Cukuplah dengan prosesi ijab kabul, maka hubungan badan suami istri menjadi syah dan halal hukumnya. Nazab anak menjadi jelas, berhak mendapatkan "bin/binti" dengan nama ayahnya. Sangat mungkin, melahirkan keturunan yang soleh solehah---insyaallah, aamiin.
Menikah, berarti membentengi diri dari zina kemaluan. Dengan menikah, maka seorang pemuda telah menjaga kemaluannya. Kemudian tinggal separuhnya, adalah menjaga syariat agama yang selebihnya.
Hadist ini menunjukkan, dorongan sangat kuat untuk menikah. Agar seseorang terbebas, dari dosa yang diakibatkan zina kemaluan.

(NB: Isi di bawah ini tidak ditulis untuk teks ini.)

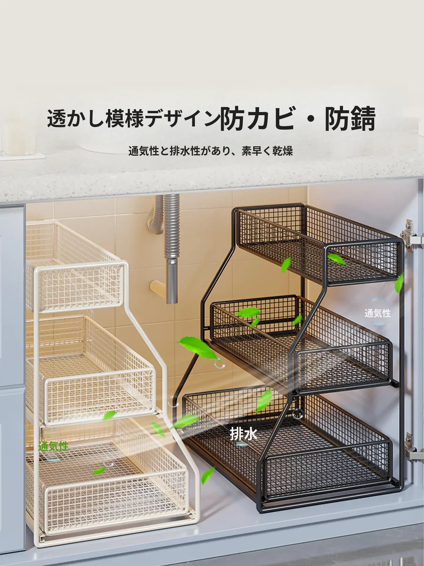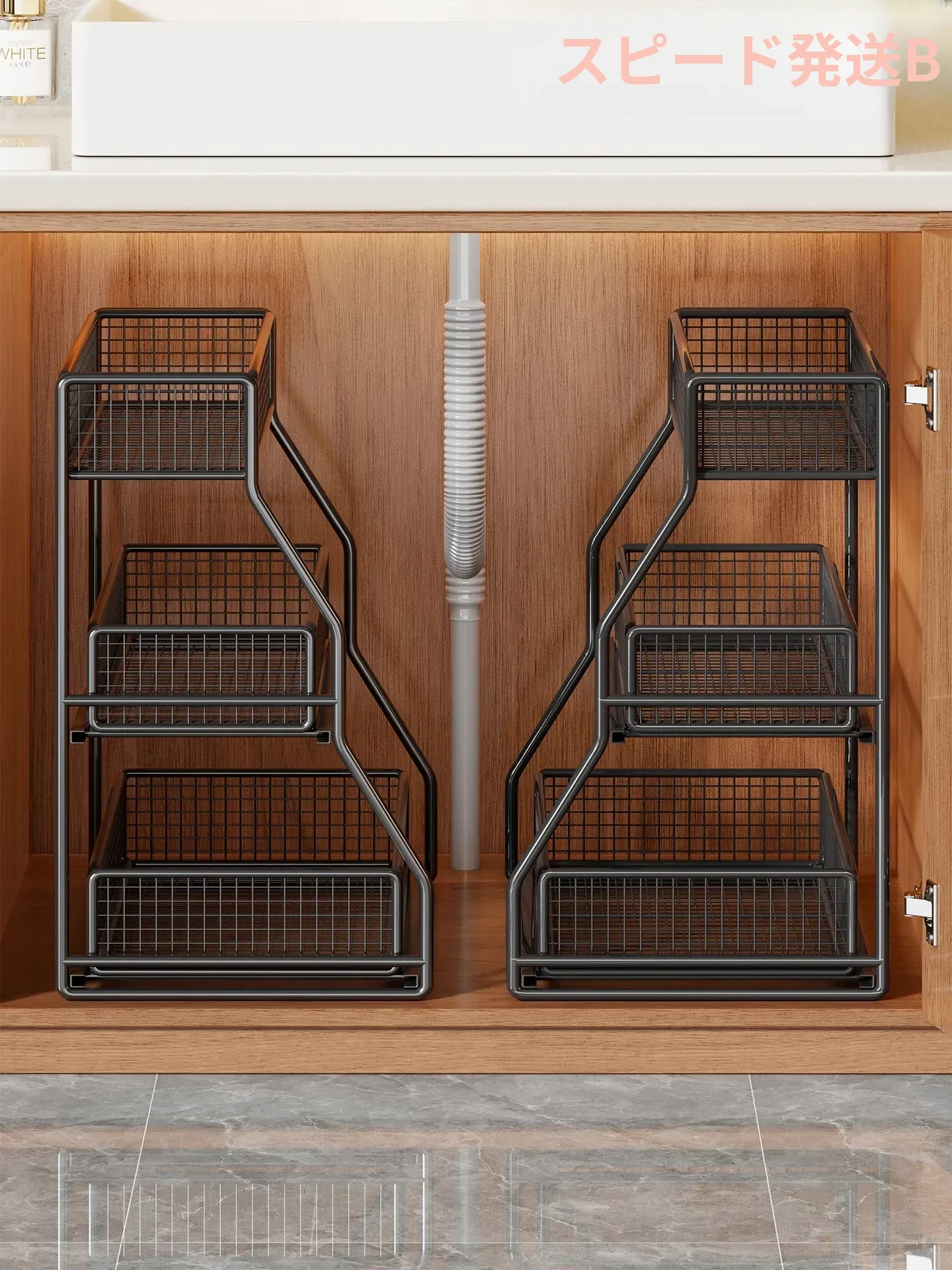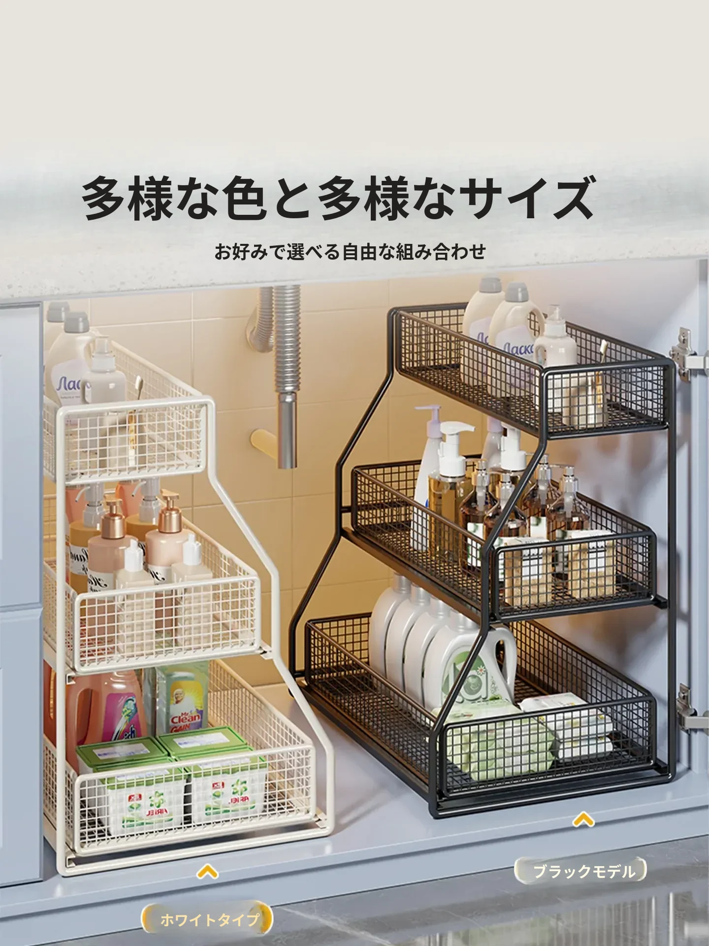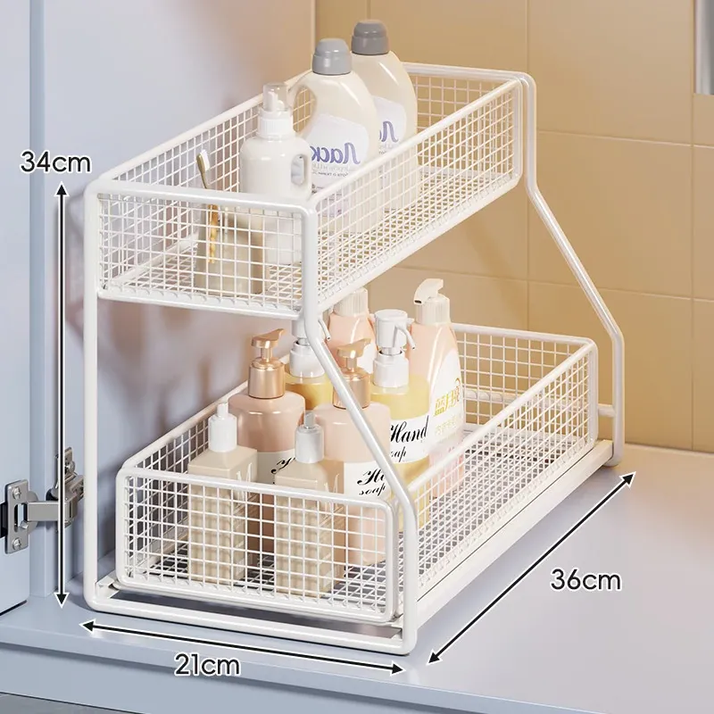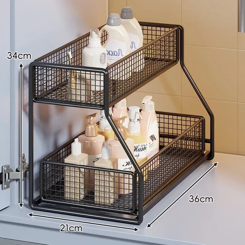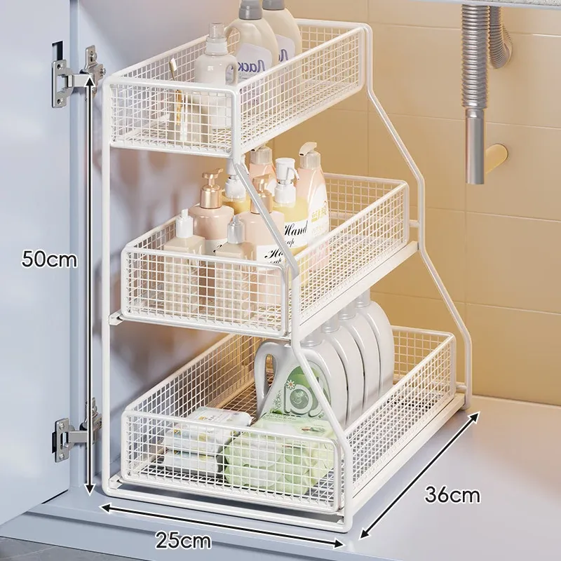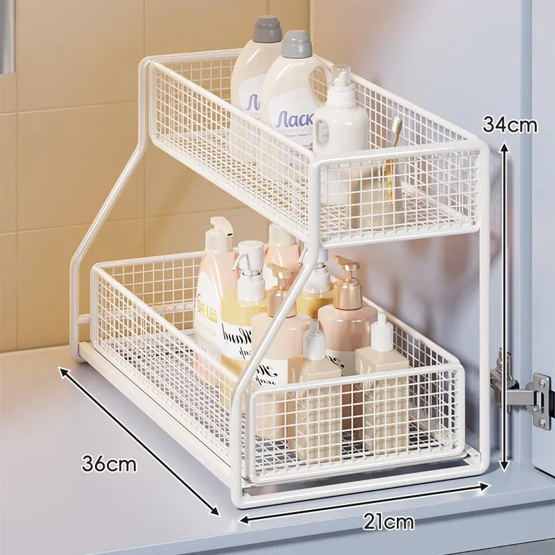 「下水槽収納ラック - 浴室や洗面台をすっきり整理!引き出し式の多層収納で、下 cabinet のスペースを有効活用。すべての必需品を手の届く場所に。」

Jika Pernikahan Itu Mudah Tak'kan Menyepadankannya dengan Separuh Agama
Kompasianer's, jika ada yang punya tujuan menikah untuk bahagia. Please, sebaiknya ditinjau ulang pikiran semacam itu. Karena tidak menikah dan atau menikah, kehidupan akan tetap melaju dengan jalan-jalan berlikunya.
Benar di awal pernikahan, ada masa bulan madu yang melambungkan mimpi. Istri diperlakukan bak bidadari, dipuja puji dengan kalimat manis sang suami. Demikian pula suami, dirajakan dengan segala pelayanan sang istri. Kemana pergi selalu berdua, seolah lengketnya kayak perangko.
Namanya bulan madu, ada masanya akan selesai juga. Setelah kembali ke kehidupan normal, suami istri dihadapkan pada kenyataan keseharian. Â Suami punya kewajiban mencari nafkah, berjibaku dengan tantangan sepanjang hari.
Mulai direpoti urusan membeli beras dan minyak, agar asap dapur tetap terus ngebul. Dikejar deadline tagihan listrik bulanan, membayar iuran lingkungan, pajak ini dan itu. Perlahan tapi pasti, sifat asli suami istri akan mulai terkuak.
Saat istri hamil akan ada kebutuhan baru, yaitu biaya kontrol dokter dan membeli vitamin yang tidak murah. Susu ibu hamil sesuai umur kehamilan, mahalnya juga membuat kening berkerut.
Setelah mempunyai anak, tantangan semakin bertambah-tambah. Kebutuhan perlengkapan bayi, membutuhkan budget tersendiri. Kemudian setelah anak masuk usia sekolah, akan ada lagi tantangan dalam bentuk lain.